Another common use case of GroundX is in conversational systems, in which RAG needs to be applied within a larger conversational continuum. When employing GroundX in such a use case, there is one major consideration: Is GroundX context preserved throughout the conversation, or is it only exposed to the model for the most recent user query?

Each of these approaches has the following costs and benefits:

  1. Preserving GroundX Retrievals for all queries throughout the conversation can result in heightened performance, especially when the conversational system is asked very in-depth questions which relate to various ideas throughout the conversation. However, this can also eat up available space within the LLMs context window, and result in higher completion costs with your LLM. There is also a heightened risk of hallucination due to the complex structure of the conversation.
  2. Only the queries and LLM responses are preserved, and GroundX retrievals can be injected only for the most recent query. This allows a conversational system to recall information about the continuum of user queries and system responses, while exposing contextual information from GroundX about the current question at hand.

Generally, we recommend only preserving the context for the most recent query, and then modifying this paradigm as needed throughout the development process. We’ve found that only using GroundX context on the most recent user query is economical and sufficiently performant for the vast majority of applications.

Use case 3) Agentic RAG

In our testing GroundX has exhibited remarkably consistent performance across a variety of types of questions. However, the main goal of GroundX is to answer a question based on a query by finding the most relevant information to that question. In other words, GroundX tries to find the most relevant specific information in your documents to answer your questions.

Some user queries are not compatible with this paradigm in a fundamental way. For instance:

  • Exhaustive summarization questions, where even the most fringe information is expected to appear in the response.
  • Multi-questions, where the question is really an aggregate of several smaller questions which each need to be individually answered before answering the broader question.

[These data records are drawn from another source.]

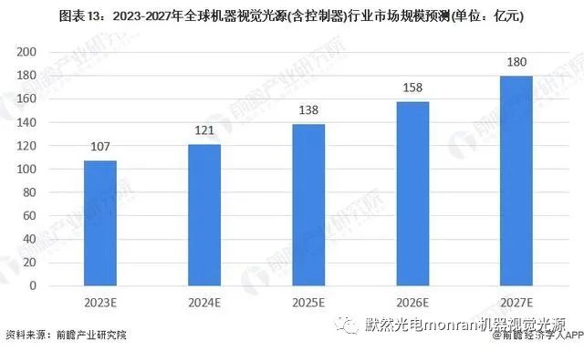 从机器视觉光源(含控制器)的市场规模发展趋势来看,预计至2027年全球机器视觉光源(含控制器)市场规模将达到180亿元。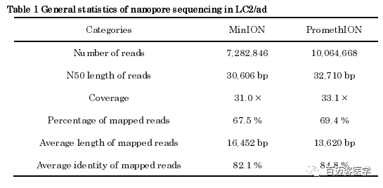 使用納米孔測序儀MinION及其更高通量PromethION平臺進(jìn)行了長讀長全基因組測序分析。首先通過對LC2/ad的基因組進(jìn)行測序來驗證新型PromethION儀器的性能,LC2/ad是源自日本肺腺癌患者的肺癌細(xì)胞系。作為參考,作者從總共33個MinION runs(R9.5)中收集了全基因組測序數(shù)據(jù),以31×的總測序深度覆蓋了整個人類基因組,共有7,282,846條reads(93,813,338,154 base)。reads的*大長度和N50長度分別為2,495,160 bp和30,606 bp。采用Minimap2將67.5%的reads比對到人類參考基因組UCSC hg38。比對上的reads平均長度為16,452 bp,總體序列一致性平均為82%,比以前的長讀長人類癌癥基因組測序分析顯著增長。PromethION測序需要大約三個flowcells才能產(chǎn)生總共10,064,668個reads(100,440,433,160 bp),總覆蓋率為33x,Reads的*大長度和N50長度分別為987,834 bp和32,710 bp。使用Minimap2,將69.4%的讀數(shù)定位到參考基因組。比對上的reads平均長度為13,620 bp,平均一致性為84.8%。值得注意的是,對于31X 93G數(shù)據(jù)量,PromethION平臺不需要制備多個文庫33次測序,因此與MinION相比,PromethION所需的起始DNA總量可減少十倍以上。
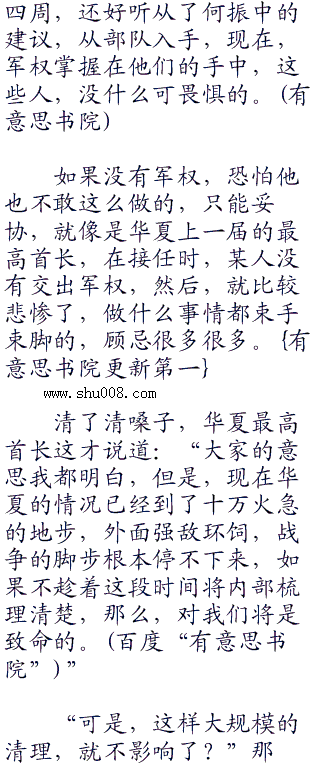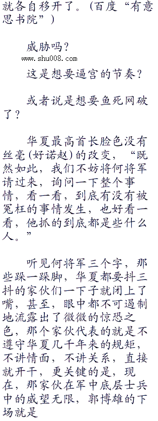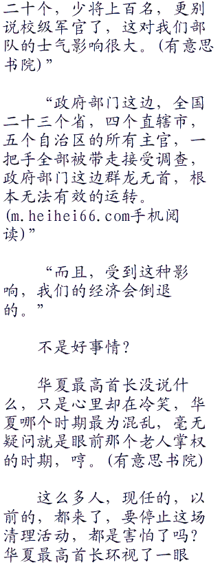 “我也这么认为,现在,部队之中,军委班子中第一,第二的领导都落马了,其他上将一名,中将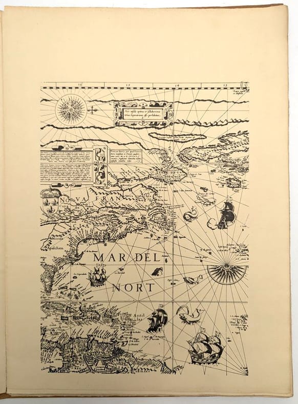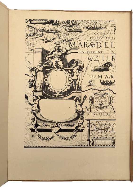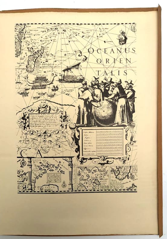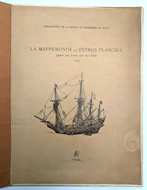 Publications de la Société de Géographie de Hanoï, 1944, in-folio, 1 page de titre et 12 ff, En feuilles sous couverture ocre de l'éditeur, Première édition des 12 planches en facsimilé reproduisant la mappemonde ou planisphère gravé de 1592 de Petrus Plancius (1552-1622), découvert en 1903, au Colegio del Corpus Christi de Valence*. Fac-similé de la carte conservée à la BnF sous la cote GE DD 2974 : "Nova Et Exacta Terrarum Orbis Tabula Geographica Ac Hydrographica / Josua Van den Ende fecit". Exemplaire sans le volume de texte publié en 1941 (vol. in-4 de VIII-51 pp.), cachet ex-libris "JNR" à la première de couverture. Bon état des planches, une auréole pâle à la page de titre. *Voir Roger Hervé, "M. Destombes, Cartes hollandaises. La cartographie de la Compagnie des Indes orientales, 1593-1743. La mappemonde de Pétrus Plancius gravée par Josua Van den Ende, 1604, d'après l'unique exemplaire de la Bibliothèque Nationale de Paris." [compte-rendu] : Revue d'histoire des sciences Année 1949 2-4 pp. 374-378. Couverture rigide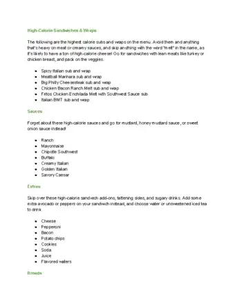 Skip other high-calorie additions. Ordering sweetened drinks, cookies, or chips can quickly derail your diet. Choose a low- or no-calorie beverage (such as unsweetened tea or water with lemon). If your sandwich is not quite enough food, have a piece of whole, fresh fruit as a snack.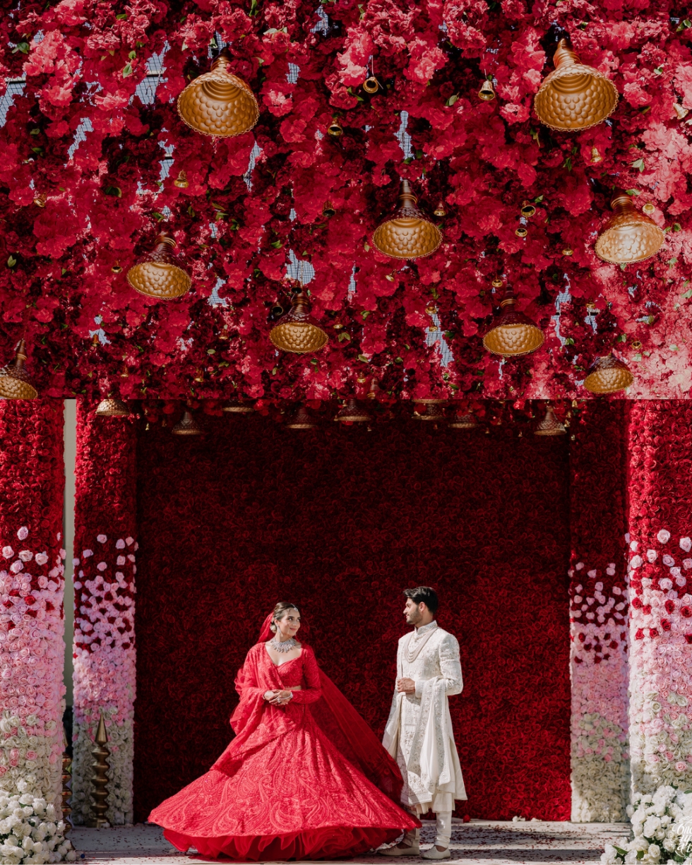 Architectural floral installations framed the mandap with elegance, echoing the soft-to-bold transition while balancing intimacy and grandeur. Their beloved Simba (Dog) walking down the aisle added a heartfelt personal touch, while curated experiences like a matcha station and live sketch artistry elevated the guest journey.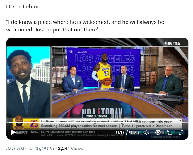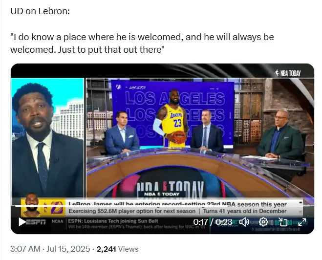 今日,詹姆老隊(duì)友哈斯勒姆在一檔節(jié)目中談到了詹姆斯今夏的且永交易動(dòng)態(tài):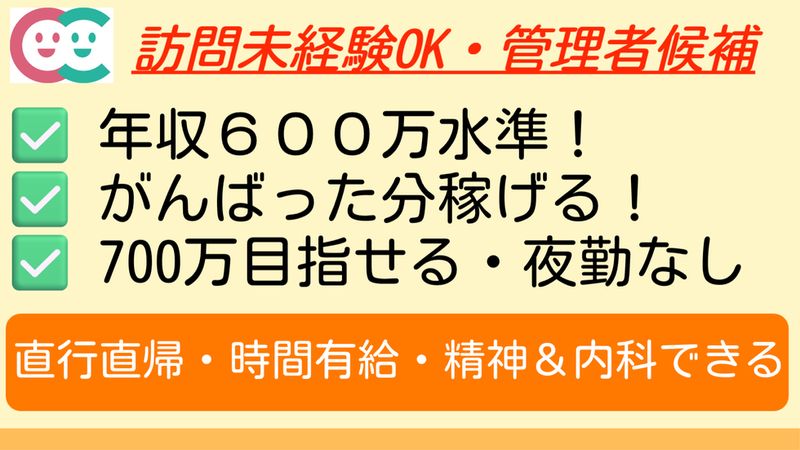 【年600万水準】【訪問未経験OK】【精神も内科もできる】【マネジメント職】

GroundX often works well with the traditional RAG approach even with these types of questions, but depending on their complexity and the nature of the data, it can be useful to encapsulate GroundX as a tool within a greater agentic process.

The implementation of this type of system is, naturally, dependent on the type of agent you’re implementing and they framework you’re implementing the agent in. Generally speaking, tool defining in an agentic system consists of the following:

  1. Creating a function which accepts text (a query from the agent) and returns text (a response of the tool execution). GroundX can easily be turned into such a function by employing search.content endpoint and returning the result.search.text.
  2. Creating a textual description of the tool, such that the agent (an LLM) can understand that tool and choose when it might be relevant to use that tool. For most agents, describing GroundX as a retrieval engine that returns information about a question is often sufficient.

The difficulty and the power of developing agentic tooling is one in the same: they’re complicated, and the decision process and agent employs when deciding which tool to use at which point can be very subtle. How you describe GroundX, and how you describe your other tools, can drastically impact the queries which your agent chooses to send to GroundX.

We don’t recommend starting with this approach, as the complexity is often unwarranted, but it can be a compelling option for more complex use cases.